Stored records
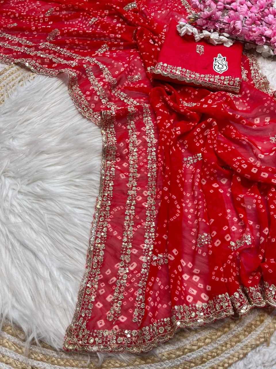 PIYU P1033 LEHERIYA BANDHANI RED SAREE
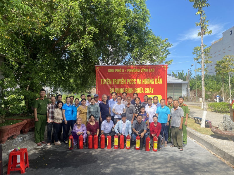 Tại khu phố 5, phường Vĩnh Lạc đã tổ chức tuyên truyền công tác phòng cháy, chữa cháy và hướng dẫn sử dụng bình chữa cháy. Đến tham dự cấp phường có đồng chí Võ Thị Minh Hòa, Phó Bí thư Thường trực Đảng ủy, Chủ tịch HĐND phường, đồng chí Trần Văn Phận, Phó Trưởng Công an phường Vĩnh Lạc và các đ/c HĐND, UBND, UBMTTQ, các đoàn thể phường, công an phường; Cấp khu phố có đ/c Đinh Văn Quang, ĐUV, Bí thư-Trưởng khu phố 5 cùng các đ/c Chi ủy viên, BLĐ khu phố, đoàn thể khu phố và đại diện 40 tổ NDTQ tham dự. Đại diện Công an phường Vĩnh Lạc đã tuyên truyền cho người dân những kiến thức cơ bản về công tác phòng cháy chữa cháy; cách thức bảo quản, hướng dẫn sử dụng các loại bình chữa cháy xách tay.
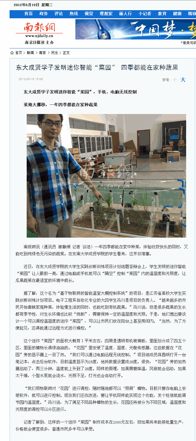 【南报网】艳照门 学子发明迷你智能“菜园”,手机、电脑无线控制
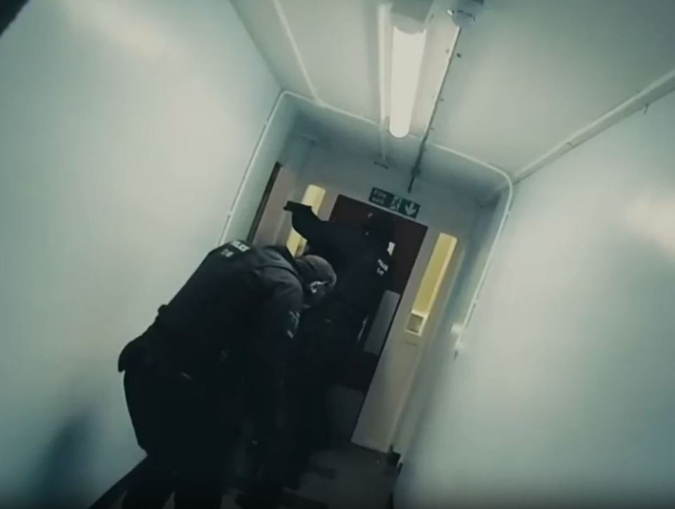 Armed cops were shown preparing to enter the flat to search for a shooter after a 999 call reported that gunshots had been heard.
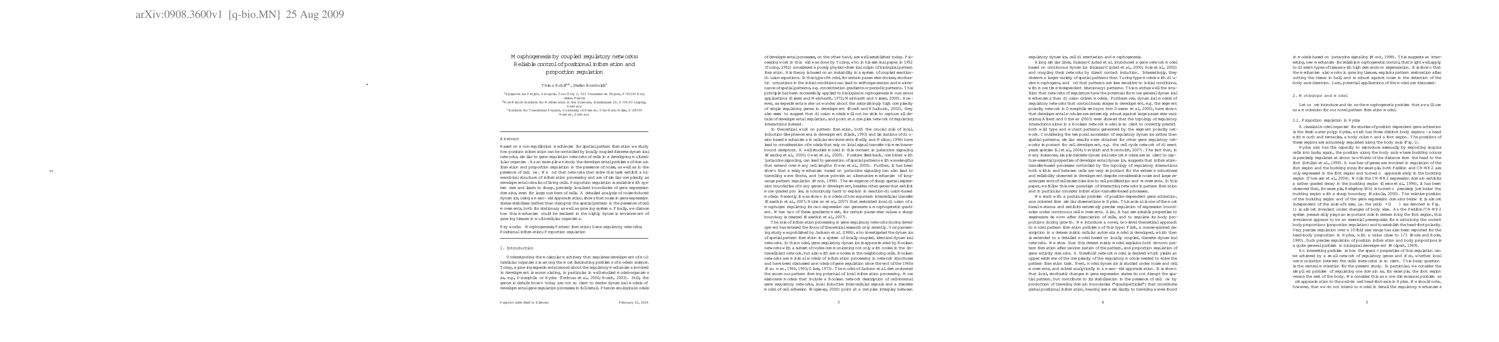 This paper investigates how locally coupled regulatory networks can reliably control positional information and proportion regulation in developmental biology, finding that hierarchical network structures can manage domain formation and proportion regulation even in noisy environments and with cell flow. The results suggest that noise can stabilize spatial patterns in growing tissues, offering insights into the mechanisms underlying multicellular organism development.
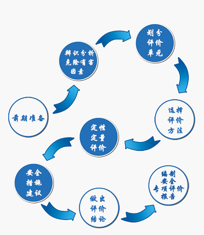 根据委托合同及实际情况明确评价范围;搜集评价范围内相关信息、资料、批复文件、检测检验文件等;搜集项目相关管理制度、操作规程等;搜集相关法律法规、标准规范;搜集相关事故案例与类比资料;进行现场勘查; 参考安全评价(专项评价),根据周边环境、平立面布局、生产工艺、辅助生产设施、公用工程、作业环境、场所特点,分析并列出危险有害因素及其存在部位、重大危险源分布及监控情况; 划分评价单位并选择相应的评价方法;进行符合性评价;对事故发生的可能性及其严重程度进行预测; 根据评价结果提出具有针对性、可操作性和经济合理性的对策措施建议;明确评价结论。
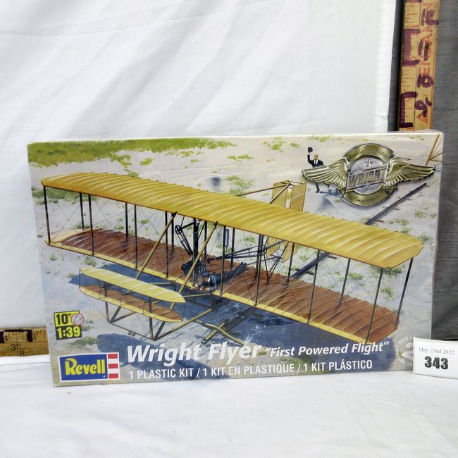 Current Bid: $17.00 [Refresh Price]YOU WILL NEED TO REFRESH THIS PAGE TO SEE UPDATED BID (Log in and this will update automatically) You must LOG IN or REGISTER to see this full page auction listing and bid. Auction is Over Winning Bid Amount: $17.00 **Lot Details: (343h) - Revell 1/39th scale Wright Flyer model kit. Factory sealed. Minor shelf wear to box Log in to add this lot to your watch list or place a bid |
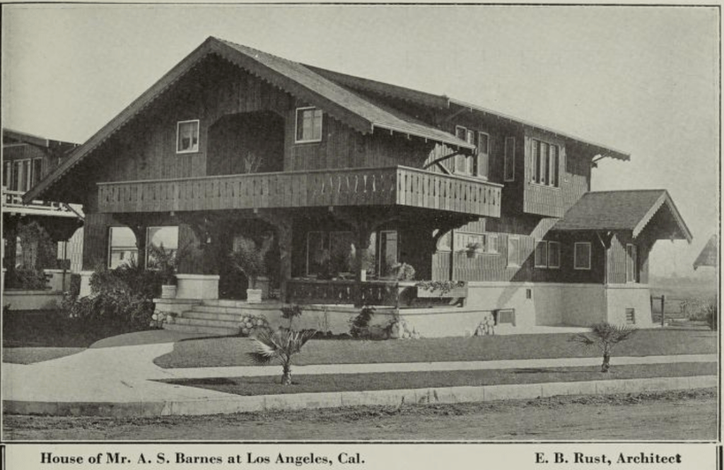 In 1928 owners Jacob Borstein and Louis Rose hired architect Edward B. Rust to construct a 5 story apartment house with 54 units and a partial basement. Demolished was a 2 story house on the lot which was built in 1912. During the early 1900s, Rust was in business with the architect of Whitley Heights, Arthur S. Barnes and even built his house, a chalet style house in Los Angeles (pictured below).
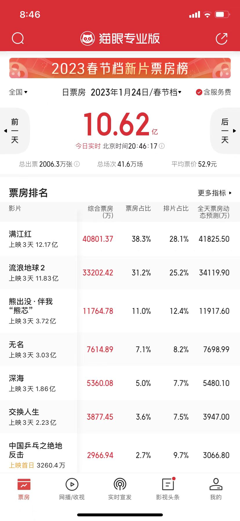 貓眼專業版數據顯示,截至24日15時19分,2023年春節檔**總票房(含預售)超35億元。**今日《滿江紅》《流浪地球2》《熊出沒·伴我“熊芯”》分列票房榜前三位。從走勢看來,春節檔最終票房將落在一個相對可觀的數字,行業回血有望。
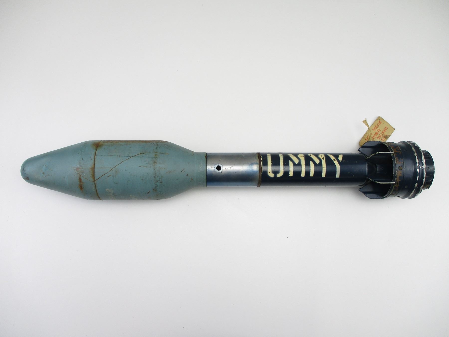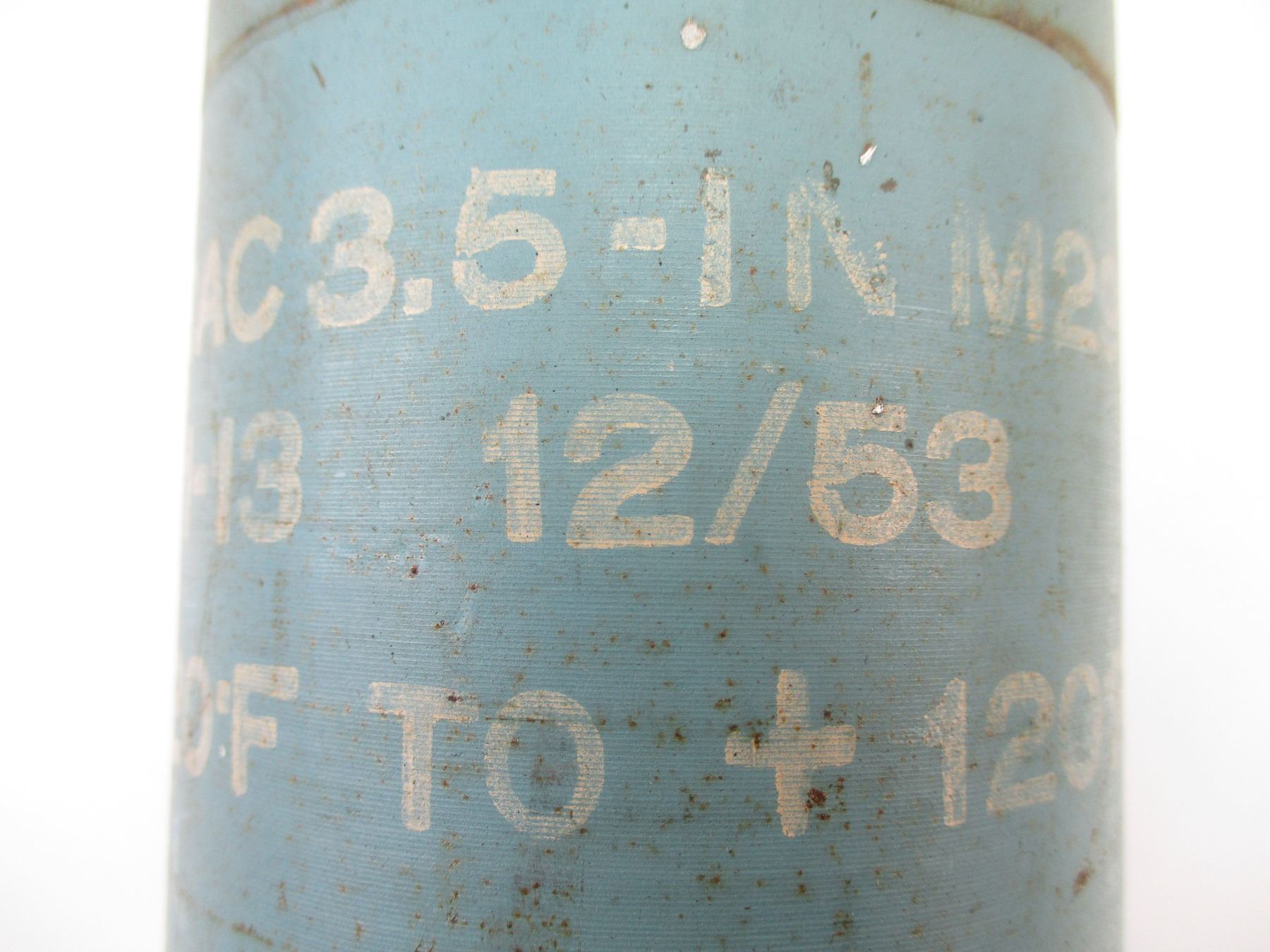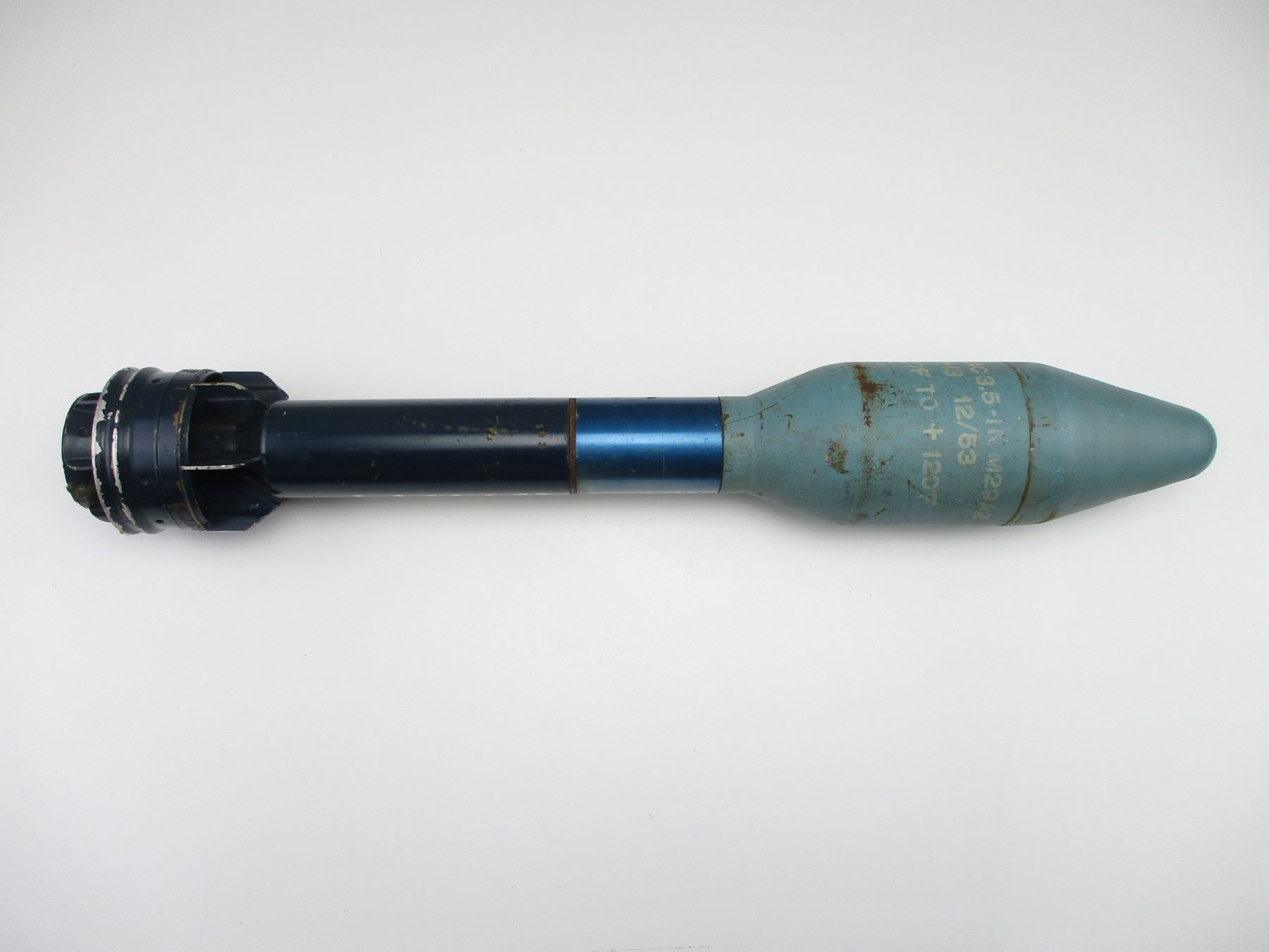 CANADIAN 3.5" PRACTICE ROCKET INERT, (1) FITS 3.5" SUPER BAZOOKA, BLUE PAINTED, MARKED: "ROCKET PRAC 3.5-IN M29A2, "A" INSIDE A "C" (CANADIAN ARSENAL), 1-13, 12/53" & OTHER MARKINGS, OAL APPROX. 23.5". SEE PHOTOS., THESE CAN ONLY BE SHIPPED BY CORPORATE UPS COVERED AREAS. PLEASE GO TO LOT 0 IN THE AMMUNITION SESSION, TO SEE IF YOUR POSTAL CODE IS A VALID AREA. THESE CAN NOT BE SHIPPED TO THE USA, OR INTERNATIONALLY. NO REFUNDS WILL BE ISSUED, OR BIDS RETRACTED.
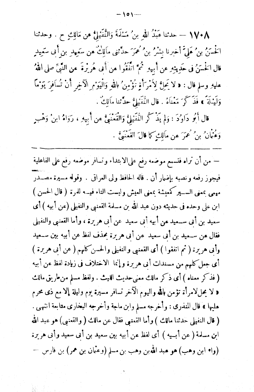 : بْن عَلِيّ وَحْدَهُ فِي حَدِيثه دُون عَبْد اللَّه بْن مَسْلَمَة الْقَعْنَبِيّ وَالنُّفَيْلِيّ

### [Activity]
Would you write out exactly the lines of the data from the one holding "OR BIDS RETRACTED." to the final line, both included, with pictures left out?

### [Reply to the task]
 CANADIAN 3.5" PRACTICE ROCKET INERT, (1) FITS 3.5" SUPER BAZOOKA, BLUE PAINTED, MARKED: "ROCKET PRAC 3.5-IN M29A2, "A" INSIDE A "C" (CANADIAN ARSENAL), 1-13, 12/53" & OTHER MARKINGS, OAL APPROX. 23.5". SEE PHOTOS., THESE CAN ONLY BE SHIPPED BY CORPORATE UPS COVERED AREAS. PLEASE GO TO LOT 0 IN THE AMMUNITION SESSION, TO SEE IF YOUR POSTAL CODE IS A VALID AREA. THESE CAN NOT BE SHIPPED TO THE USA, OR INTERNATIONALLY. NO REFUNDS WILL BE ISSUED, OR BIDS RETRACTED.
 : بْن عَلِيّ وَحْدَهُ فِي حَدِيثه دُون عَبْد اللَّه بْن مَسْلَمَة الْقَعْنَبِيّ وَالنُّفَيْلِيّ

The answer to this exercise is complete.